The Guideline holds defendants accountable for any “reasonably foreseeable pecuniary harm,” which it defines as harm that the defendant knew or should have known could result from the offense. The potential for loss that Woolf Turk’s victims faced by not having recorded mortgages met this standard. Thus, the loss amount was the full principal of the loans that Woolf Turk fraudulently obtained. And it is irrelevant that some value might have remained in the collateral at the time the fraud was discovered, because the victims had no interest in the collateral, obtained no value from its sale, and no value remained at the time of sentencing.


Cash and Quarry

United States v. Byors, No. 08-4811-cr (2d Cir. October 29, 2009) (Cabranes, Livingston, CJJ, Korman, DJ)

Defendant, while ostensibly raising money for a Vermont marble quarry, made material misrepresentations to his investors. He also converted substantial amounts of their money to pay for his personal expenses, including vacation homes, cars and horses. He pled guilty to multiple fraud and money laundering offenses and was sentenced to 135 months’ imprisonment. On appeal, he raised two unsuccessful challenges to his Guidelines calculations.

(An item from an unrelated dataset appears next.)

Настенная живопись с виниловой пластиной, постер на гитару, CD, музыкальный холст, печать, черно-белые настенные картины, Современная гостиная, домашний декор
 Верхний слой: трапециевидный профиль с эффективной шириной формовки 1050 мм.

He first argued that the district court should have deducted from the loss calculation - about $9 million - the “legitimate business expenditures” that went into his efforts to “capitalize” the quarry business. The circuit disagreed. Under the “plain language” of Application Note 3(E) to the fraud guideline, the loss amount is only offset by any “value” that the victims receive, and not by legitimate expenditures. Byors' expenditures conferred nothing of value and no benefit to his victims. He rendered no “services” to them and did not deliver any return on their “investment.” Even accepting his claim that he used the money for the purposes he promised his victims, there was no error here. Byors' victims were left with nothing of value when the fraud was uncovered.

Byor, who tampered with a witness during the investigation into his fraud, also raised an issue about the interaction between the general obstruction of justice guideline, § 3C1.1, and the specific provision dealing with obstruction in the money laundering Guideline, § 2S1.1, comment. n.2(C). These two provisions seemingly conflict in cases where the defendant has obstructed a predicate offense, but not the subsequent money laundering offense itself.

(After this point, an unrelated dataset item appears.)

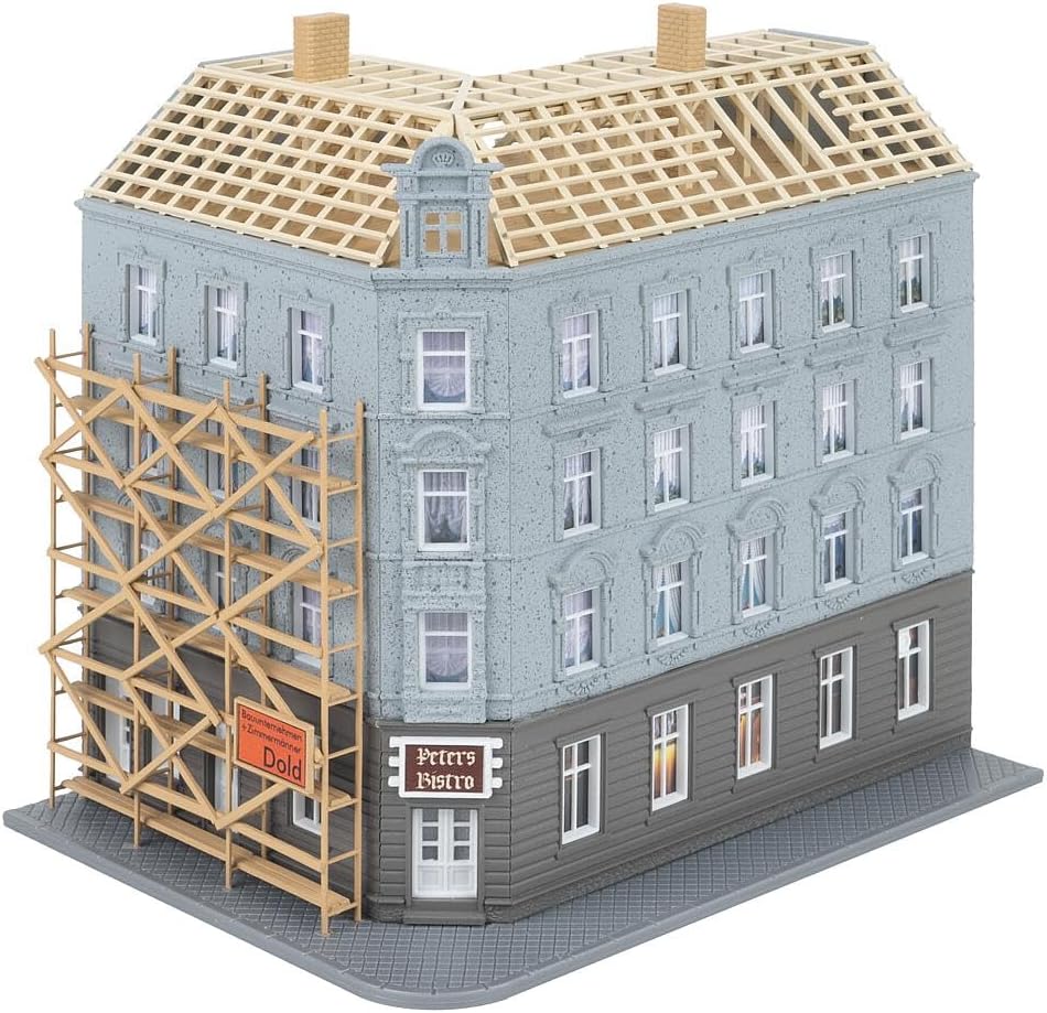 Questa casa ad angolo in ristrutturazione dà vita a qualsiasi centro città! Nel seminterrato c'è un bistrot, il tetto e la facciata sono in ristrutturazione Anche nel mondo in miniatura a volte deve essere rinnovato

The money laundering guideline provides that the application of § 3C1.1 “shall be determined based on the [laundering of criminally derived funds] ... and not on the underlying offense from which the laundered funds were derived.” Byors argued that under this provision the Chapter 3 adjustment could only apply if the obstruction related to the money laundering offense, and not the underlying fraud. The circuit disagreed. The Chapter 3 obstruction enhancement covers the offense of conviction, “any relevant conduct,” or “a closely related offense.” The fraud that underlay the money laundering offense, during which Byors obstructed justice, was either relevant conduct or “closely related” to the money laundering offense.

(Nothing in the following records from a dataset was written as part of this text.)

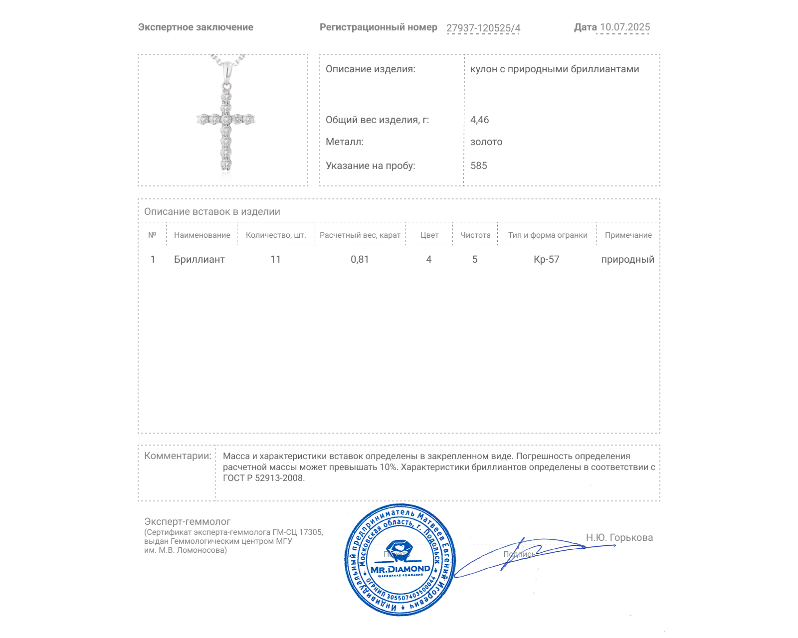 Оригинальный золотой кулон c бриллиантами 0.61ct Gavello 010422/2
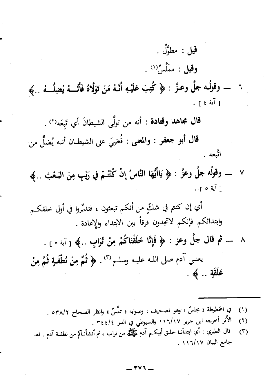 قيل مطول وقيل مملس 6 - وقوله عز وجل كتب عليه أنه من تولاه فأنه يضله ايه قال مجاهد وقتادة أنه من تولى الشيطان أي تبعه قال أبو جعفر والمعنى قضي على الشيطان أنه يضل من أتبعه 7 - وقوله عز وجل يا أيها الناس إن كنتم في ريب من البعث ايه أي ان كنتم في شك من أنكم تبعثون فتدبروا في أول خلقكم وابتدائكم فإنكم لا تجدون فرقا بين الإبتداء والإعادة 8 - ثم قال عز وجل فإنا خلقناكم من تراب ايه يعني ادم صلى الله عليه وسلم ثم من نطفة ثم من علقة
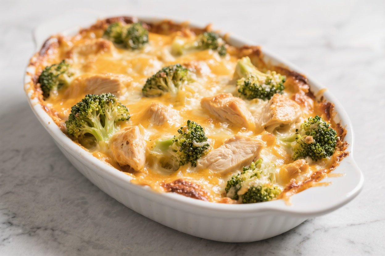 Par-cook the broccoli: Steam or microwave the florets until bright green and just tender, about 2–3 minutes. Drain well so the casserole doesn’t get watery.
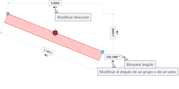 Cuando edita elementos inclinados puede desbloquear el ángulo de inclinación con respecto a la horizontal o mantenerlo bloqueado.
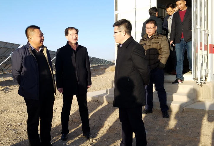 玉門市領(lǐng)導(dǎo)(左一:玉門市政府副市長(zhǎng)仲應(yīng)兵;左二:玉門市能源局局長(zhǎng)魯強(qiáng))與中國化學(xué)與物理電源行業(yè)協(xié)會(huì)儲(chǔ)能應(yīng)用分會(huì)秘書長(zhǎng)劉勇交流科陸風(fēng)光儲(chǔ)電網(wǎng)融合驗(yàn)證示范項(xiàng)目進(jìn)展情況。
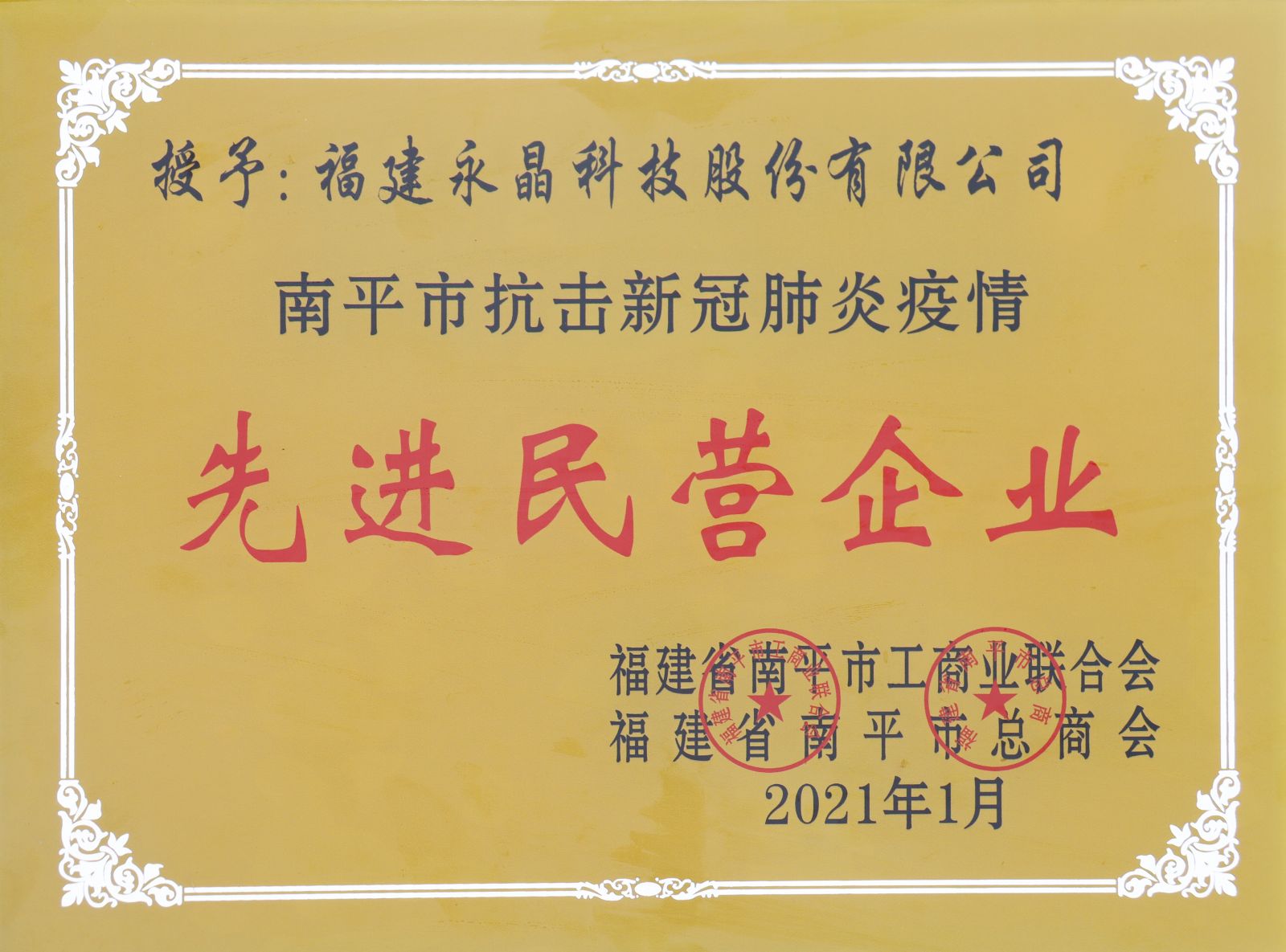 近日,福建永晶科技股份有限公司(以下簡稱永晶科技)被南平市工商業聯合會、南平總商會授予“南平市抗擊新冠肺炎疫情先進民營企業”榮譽稱號。以此表彰永晶科技在疫情防控期間積極履行企業社會責任、奮力投身抗疫行動、踐行公益慈善事業所作出的突出貢獻。
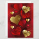 Composición vertical de rojo y oro, con texturas de valentinas hechas de Relieve metalizado y brocado sobre fondo rojo. Decoración día de San Valentín.

The court refused to conclude that an application note to a separate offense conduct guideline “creates an exception” to § 3C1.1, since that would be contrary to its practice of seeking to “harmonize” commentary with the Guidelines.

Nothing In Store

United States v. Uddin, No. 07-3121-cr (2d Cir. January 6, 2009) (Kearse, Sack, Katzmann, CJJ)

Mohammed Uddin owned a small grocery store in Manhattan, and used it to commit food stamp fraud between 2003 and 2006 by dispensing cash in exchange for food stamps. He pled guilty but admitted in his allocution only that the amount of fraud exceeded $5,000 - the jurisdictional amount. After a Fatico hearing, the district court concluded that the loss amount was $377,799, and sentenced Uddin accordingly. On appeal, Uddin challenged the loss calculation.

The District Court Proceedings

The government had been seeking a loss in excess of $1.2 million, arguing that all of Uddin’s food stamp redemptions exceeding $50 during the relevant time period were fraudulent. Uddin argued instead that the loss should be limited to $5,000, the amount he admitted in his plea.

The evidence at the Fatico hearing showed that his store redeemed several times more in food stamp benefits than did two comparably sized stores nearby, and that he exchanged food stamps for cash with a CI on fourteen occasions in 2006 alone.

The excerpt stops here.